Brief ▸ Skip all pictures. Write out the data below from its first line through the line that contains "White pearl Earrings".

Entries supplied ▸
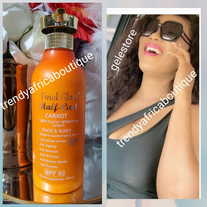 Final Glow half-cast carrot whitening body lotion with 💯 carrot for face and body. Spf 50. 500mlx 1. Super effective
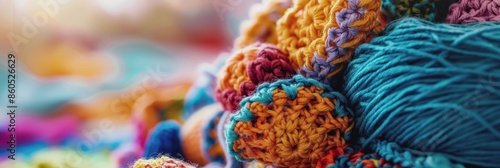 © GoshaMovies, Naklejka premium International Crochet Day. balls of knitting thread. knitted products
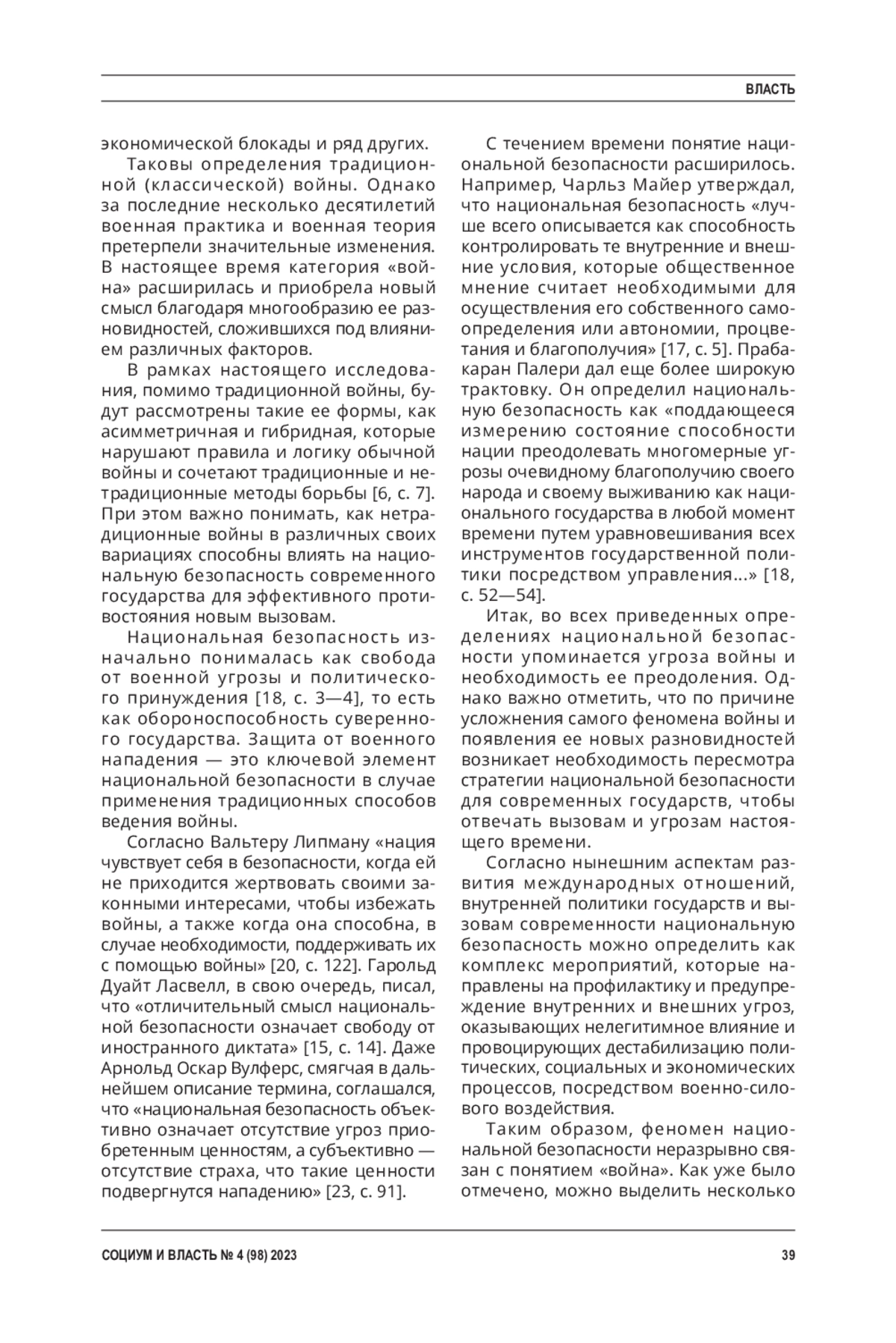 Введение. Война занимает особое место в развитии человечества, т. к. представляет собой неотъемлемую часть его истории. Проблема войны является предметом междисциплинарных исследований на протяжении всего периода становления социальных наук. Осмысление противоборства народов и отдельных социальных групп имеет место в философской мысли со времен возникновения первых крупных цивилизаций. На современном этапе развития общества проблематика войны тесно сопряжена с феноменом национальной безопасности, которая направлена на защиту государства от внутренних и внешних угроз и предупреждение рисков, посягающих на гармоничное развитие человека и общества, инфраструктуру, экономику, а также социально-политическое благополучие нации.
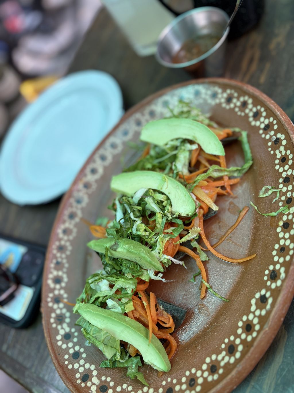 Tampico style mushroom carnitas with rice, guacamole,nopales salad & …
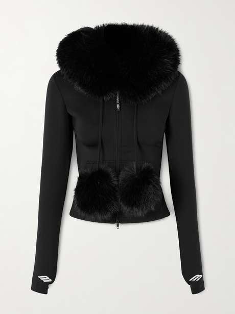 BALENCIAGA Embroidered plush-trimmed jersey hoodie
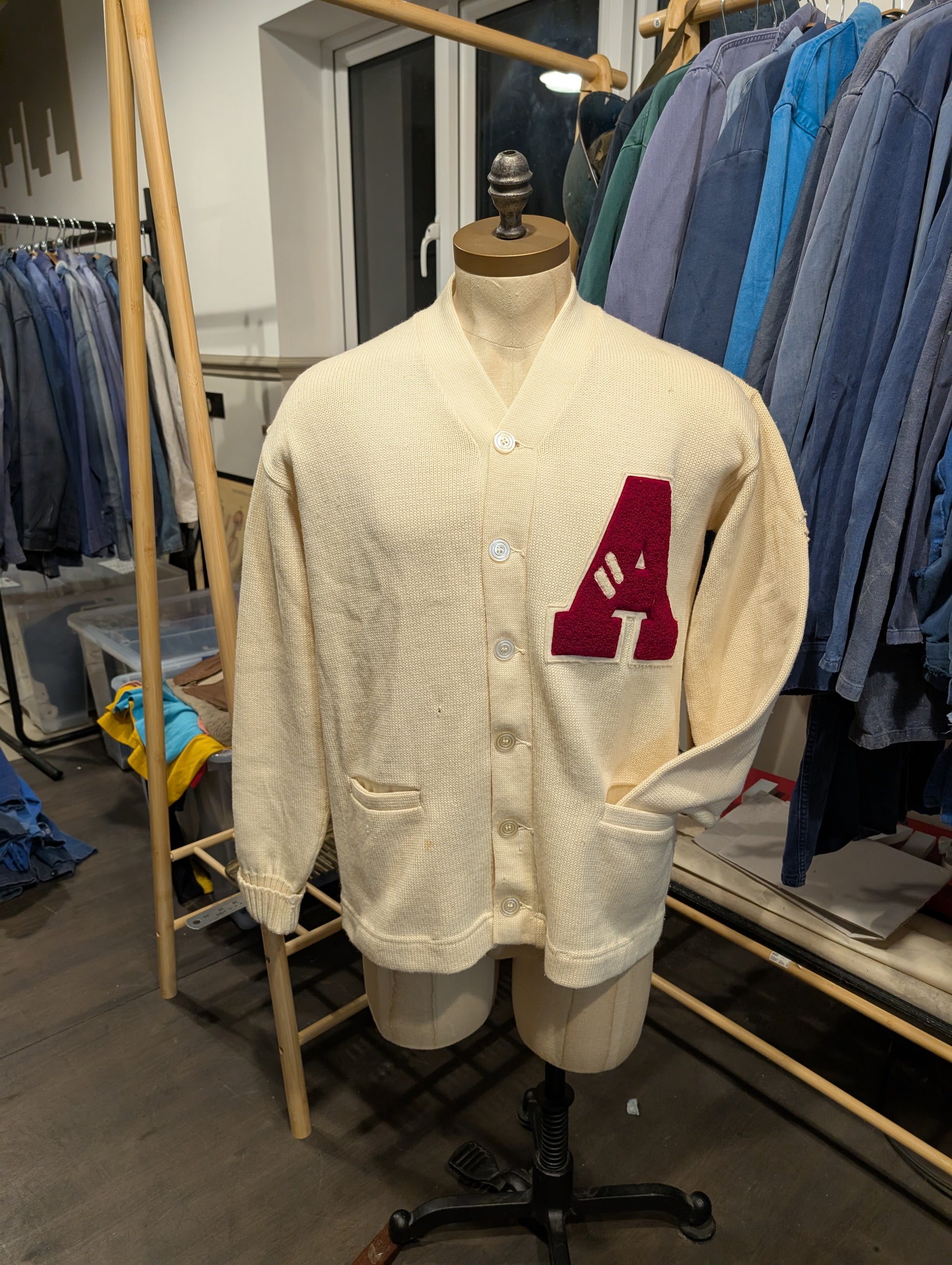 This 1950s letterman cardigan by Sands offers a classic and timeless style. Crafted with high quality materials, this size large cardigan provides both comfort and durability. Perfect for any occasion, it is a must-have for any wardrobe.
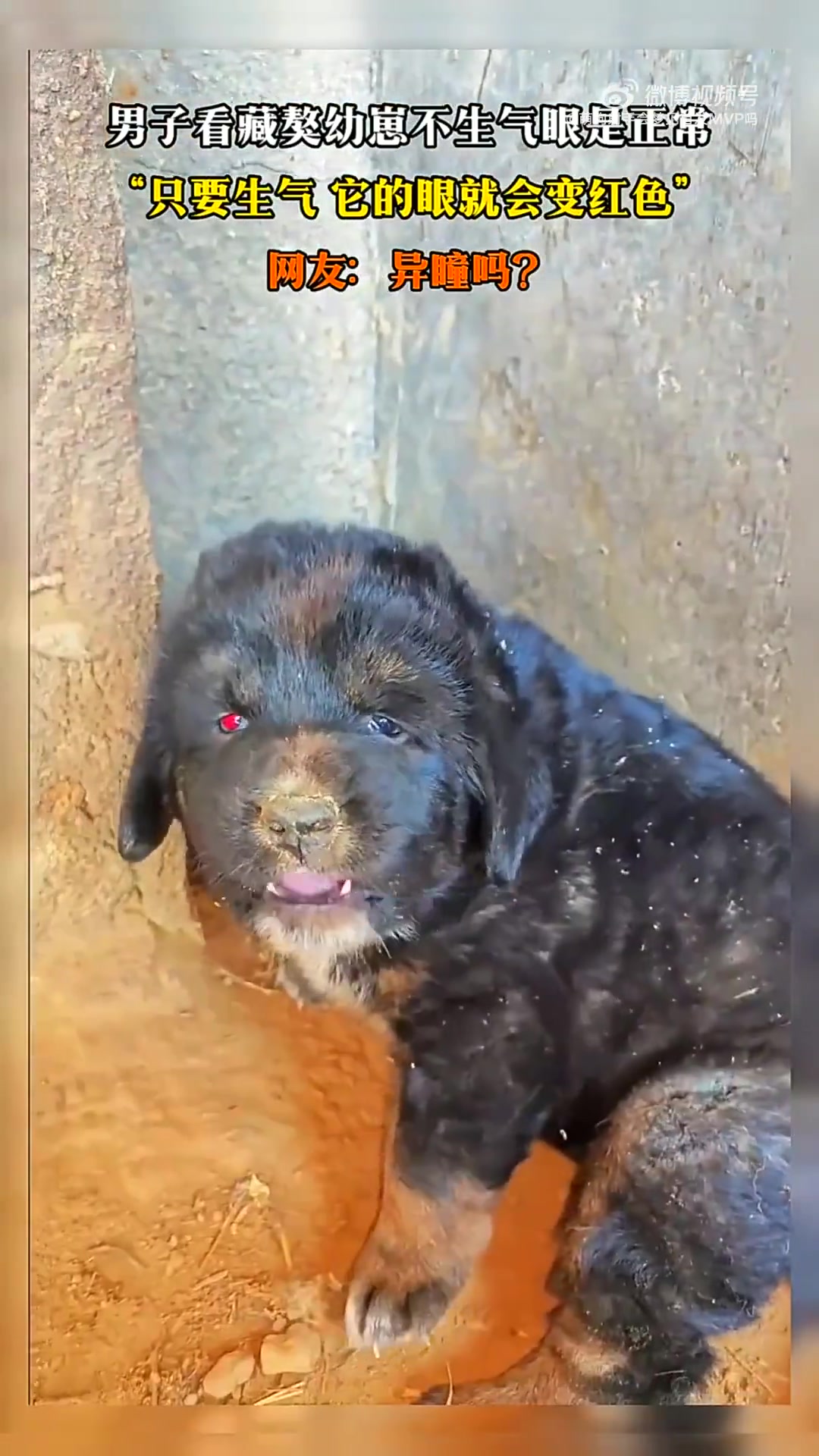 >男子介绍藏獒幼崽:“生气时眼睛会变红,不生气则正常”
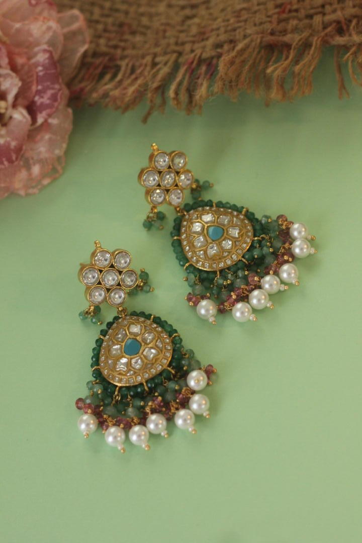White pearl Earrings with pink sea green hangings
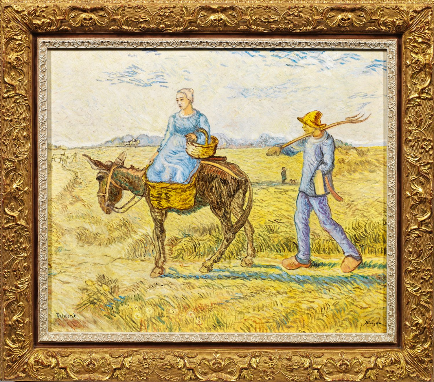 Im Stil Vincent van Goghs ausgeführte Darstellung eines jungen Bauernpaares, sie mit einem Korb auf dem Rücken eines Esels sitzend, er mit einer geschulterten Heugabel dahinter. Kujau wurde 1983 durch seine Fälschungen der sog. "Hitler-Tagebücher" für den "Stern" bekannt (die Geschichte wurde 1992 von Helmut Dietl satirisch unter dem Titel "Schtonk!" verfilmt); daneben schuf Kujau auch eine Vielzahl von ihm explizit als "Original Kujau-Fälschungen" deklarierter Bilder nach Malern unterschiedlichster Epochen und Stile. Öl/Lwd.; Unterhalb sign. bzw. bez. "Vincent" u. "Kujau". 50 cm x 60 cm. Rahmen.
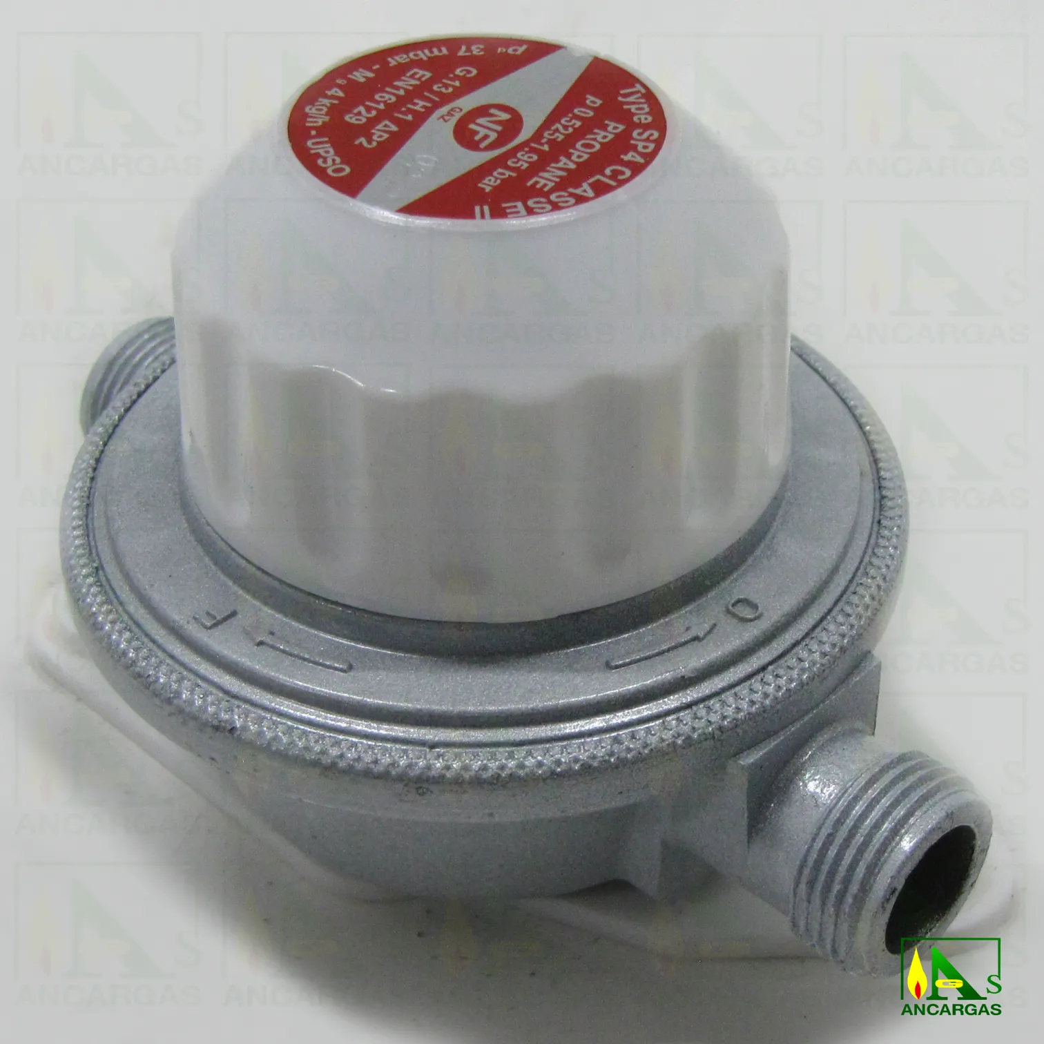 Asegura la presión a 37 mbar en una instalación de GLP equipado con una válvula de corte manual y válvula de seguridad por mínima presión.
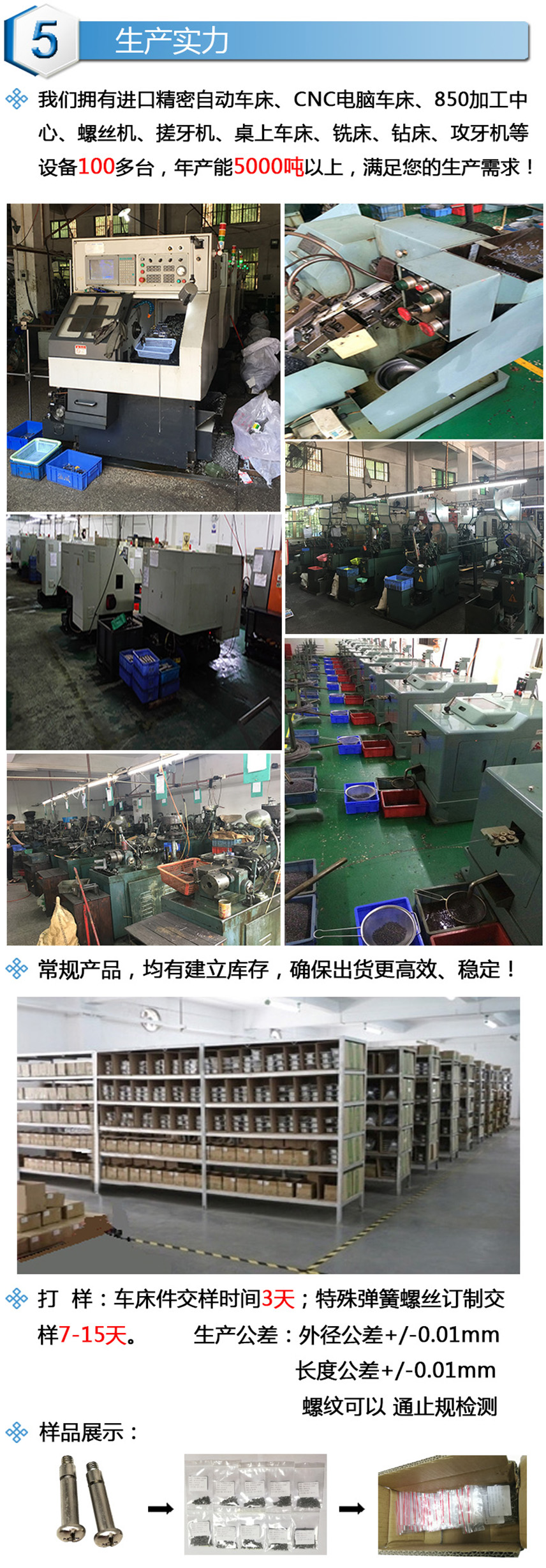 公司主要以铁,不锈钢,铝,铜材料为主。生产各类CNC五金车床件、自动车床件、加工304不锈钢CD纹、电子小螺丝、散热器台阶弹簧螺丝、球头螺丝、滚花螺丝、滚花铜螺母、铸件加工 、

Solution for this exercise ▸
 Final Glow half-cast carrot whitening body lotion with 💯 carrot for face and body. Spf 50. 500mlx 1. Super effective
 © GoshaMovies, Naklejka premium International Crochet Day. balls of knitting thread. knitted products
 Введение. Война занимает особое место в развитии человечества, т. к. представляет собой неотъемлемую часть его истории. Проблема войны является предметом междисциплинарных исследований на протяжении всего периода становления социальных наук. Осмысление противоборства народов и отдельных социальных групп имеет место в философской мысли со времен возникновения первых крупных цивилизаций. На современном этапе развития общества проблематика войны тесно сопряжена с феноменом национальной безопасности, которая направлена на защиту государства от внутренних и внешних угроз и предупреждение рисков, посягающих на гармоничное развитие человека и общества, инфраструктуру, экономику, а также социально-политическое благополучие нации.
 Tampico style mushroom carnitas with rice, guacamole,nopales salad & …
 BALENCIAGA Embroidered plush-trimmed jersey hoodie
 This 1950s letterman cardigan by Sands offers a classic and timeless style. Crafted with high quality materials, this size large cardigan provides both comfort and durability. Perfect for any occasion, it is a must-have for any wardrobe.
 >男子介绍藏獒幼崽:“生气时眼睛会变红,不生气则正常”
White pearl Earrings with pink sea green hangings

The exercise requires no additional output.